PROVIDED DATA: Begin

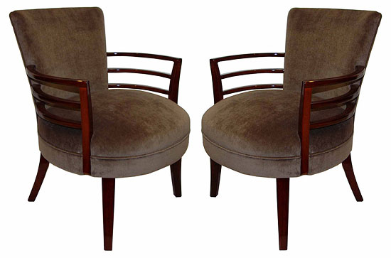 A pair of American art deco pull up arm chairs from the 1930’s. These chairs would be great in front of a desk or as an occasional chair in any room. They have three bands of curved wood for arms and shaped legs. The wood has been refinished and the backs and sprung seats recovered in a light brown cut velvet. The chairs measure 24 ½” wide by 23” deep and are 30” high at the back.
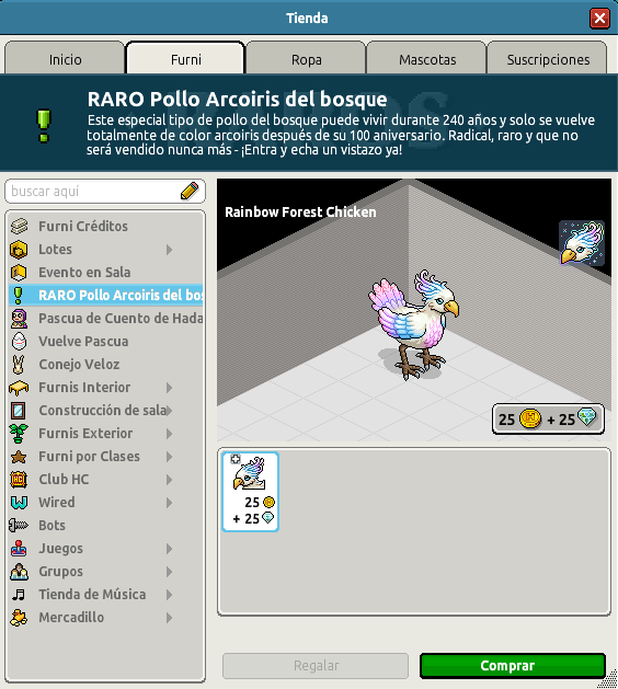 Estamos hablando del RARO Pollo Arcoiris del Bosque, este particular tipo de pollo del bosque puede vivir 240 años y solo se vuelve totalmente arcoiris después de cumplir 100 años. ¡Radical, raro que nunca será vendido de nuevo, échale un vistazo ya! Puedes hacerte con una unidad por tan solo 25
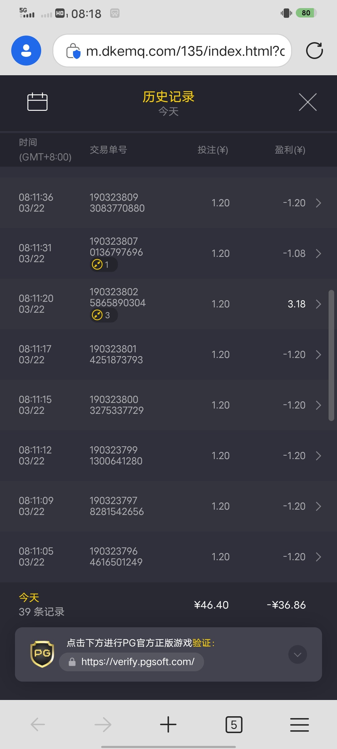 8毛打到180,加注就空转完
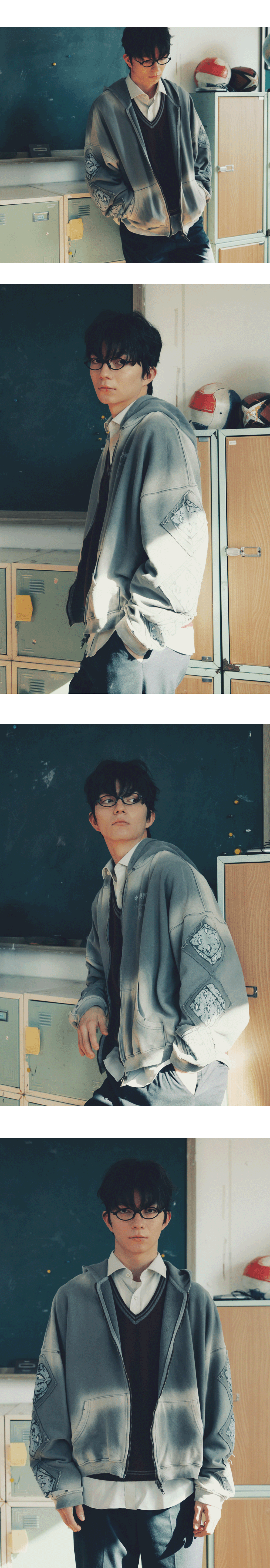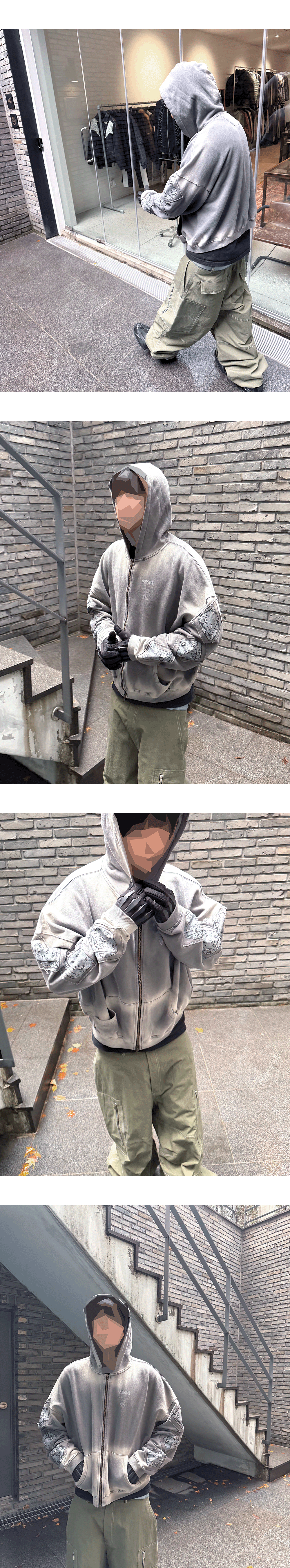 ‘시부야 사변’의 한 장면을 모티브로 한 봉인된 옥문강을 빈티지 패치워크 스타일로 재해석해 디자인된 후드집업입니다. Model spec - 178cm / 70kg 상의 - Prison Realm Patch Vtg Zipped Hoodie Charcoal - Size 2 바지 - 25FW Stitched Wide Cargo Pants Olive - Size 2 악세서리 - 25FW Double Floral Buckle Plain Leather Belt Sky
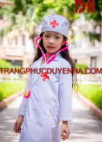 Trang phục y tá – bác sĩ trẻ em là trang phục phân vai nghề nghiệp bệnh viện. Trang phục gồm mũ và áo blouse dáng dài. Áo blouse màu trắng dài tay dáng dài. Thùa đính cúc nhựa, có 2 túi sườn.
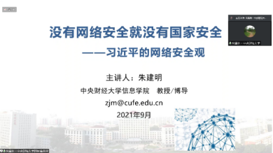 2021年9月22日下午15:30,PA视讯集团官网先进典型代表朱建明教授为2021级研究生新生及全体研究生党员开授了主题为“没有网络安全 就没有国家安全——习近平的网络安全观”的专题党课。朱建明,男,中共党员,信息学院博士生导师,区块链技术与应用研究院经理,美国德克萨斯大学达拉斯分校访问学者,国家重点研发计划项目负责人,享受国务院政府特殊津贴专家,北京市高等公司教学名师。本次讲座朱建明教授以一名具有30年党龄老党员的身份,向同学们分享了自己对习近平总书记网络安全观的理解。
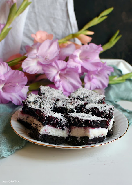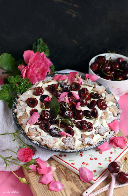 W miseczce wymieszać twarożek ze śmietaną oraz posiekanymi ziołami, doprawić do smaku solą i pieprzem. Ciasto francuskie podzielić na kwadraty, ułożyć je na blasze wyłożonej papierem do pieczenia, nie przecinając do końca wykroić nożem na cieście centymetrowy margines. Na cieście równomiernie rozłożyć nadzienie, na wierzchu ułożyć nadziane kwiaty, całość polać oliwą. Tarty wstawić do piekarnik nagrzanego do 180° C, i piec około 35 minut.
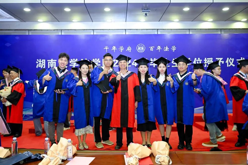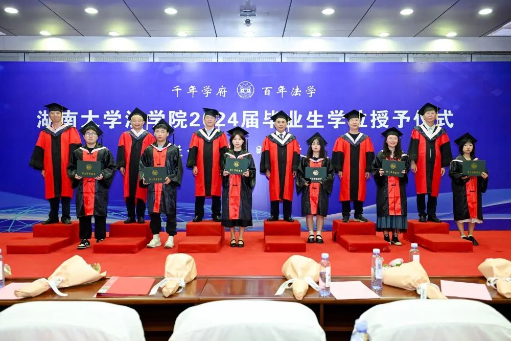 2024年学位授予决定》,对11位法学博士、262位硕士研究生及166位本科生作出授予学位的决定。随后,屈茂辉、黎四奇、谢佑平、肖海军、郑鹏程、高中老师为全体毕业生一一正冠拨穗、颁发证书并合影留念。
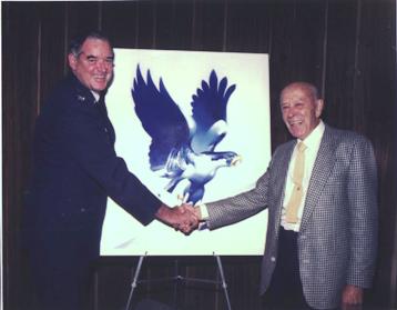 Lon had depicted birds of prey on each of his early Academy football program covers but it was the October 5, 1956 one for Colorado College, a falcon, that was adopted as their logo. Jay and Karen, Lon's son and daughter-in-law, returned from a trip to Colorado Springs in 1989 with a drinking glass etched with this logo that they had purchased at the Academy for Lon. Though retired, it inspired him to recreate the falcon -- first in a small study, then as seen here. The three traveled to the Academy for this presentation by Colonel John Clune, the officer in charge of athletics. (Click here for closer view of painting)

PROVIDED DATA: End

WHAT IS EXPECTED: Starting at the first line of the records above, set down each line exactly through the one that holds "W miseczce wymieszać". Omit pictures.

EXERCISE RESPONSE:
 A pair of American art deco pull up arm chairs from the 1930’s. These chairs would be great in front of a desk or as an occasional chair in any room. They have three bands of curved wood for arms and shaped legs. The wood has been refinished and the backs and sprung seats recovered in a light brown cut velvet. The chairs measure 24 ½” wide by 23” deep and are 30” high at the back.
 Estamos hablando del RARO Pollo Arcoiris del Bosque, este particular tipo de pollo del bosque puede vivir 240 años y solo se vuelve totalmente arcoiris después de cumplir 100 años. ¡Radical, raro que nunca será vendido de nuevo, échale un vistazo ya! Puedes hacerte con una unidad por tan solo 25
 8毛打到180,加注就空转完
 ‘시부야 사변’의 한 장면을 모티브로 한 봉인된 옥문강을 빈티지 패치워크 스타일로 재해석해 디자인된 후드집업입니다. Model spec - 178cm / 70kg 상의 - Prison Realm Patch Vtg Zipped Hoodie Charcoal - Size 2 바지 - 25FW Stitched Wide Cargo Pants Olive - Size 2 악세서리 - 25FW Double Floral Buckle Plain Leather Belt Sky
 Trang phục y tá – bác sĩ trẻ em là trang phục phân vai nghề nghiệp bệnh viện. Trang phục gồm mũ và áo blouse dáng dài. Áo blouse màu trắng dài tay dáng dài. Thùa đính cúc nhựa, có 2 túi sườn.
 2021年9月22日下午15:30,PA视讯集团官网先进典型代表朱建明教授为2021级研究生新生及全体研究生党员开授了主题为“没有网络安全 就没有国家安全——习近平的网络安全观”的专题党课。朱建明,男,中共党员,信息学院博士生导师,区块链技术与应用研究院经理,美国德克萨斯大学达拉斯分校访问学者,国家重点研发计划项目负责人,享受国务院政府特殊津贴专家,北京市高等公司教学名师。本次讲座朱建明教授以一名具有30年党龄老党员的身份,向同学们分享了自己对习近平总书记网络安全观的理解。
 W miseczce wymieszać twarożek ze śmietaną oraz posiekanymi ziołami, doprawić do smaku solą i pieprzem. Ciasto francuskie podzielić na kwadraty, ułożyć je na blasze wyłożonej papierem do pieczenia, nie przecinając do końca wykroić nożem na cieście centymetrowy margines. Na cieście równomiernie rozłożyć nadzienie, na wierzchu ułożyć nadziane kwiaty, całość polać oliwą. Tarty wstawić do piekarnik nagrzanego do 180° C, i piec około 35 minut.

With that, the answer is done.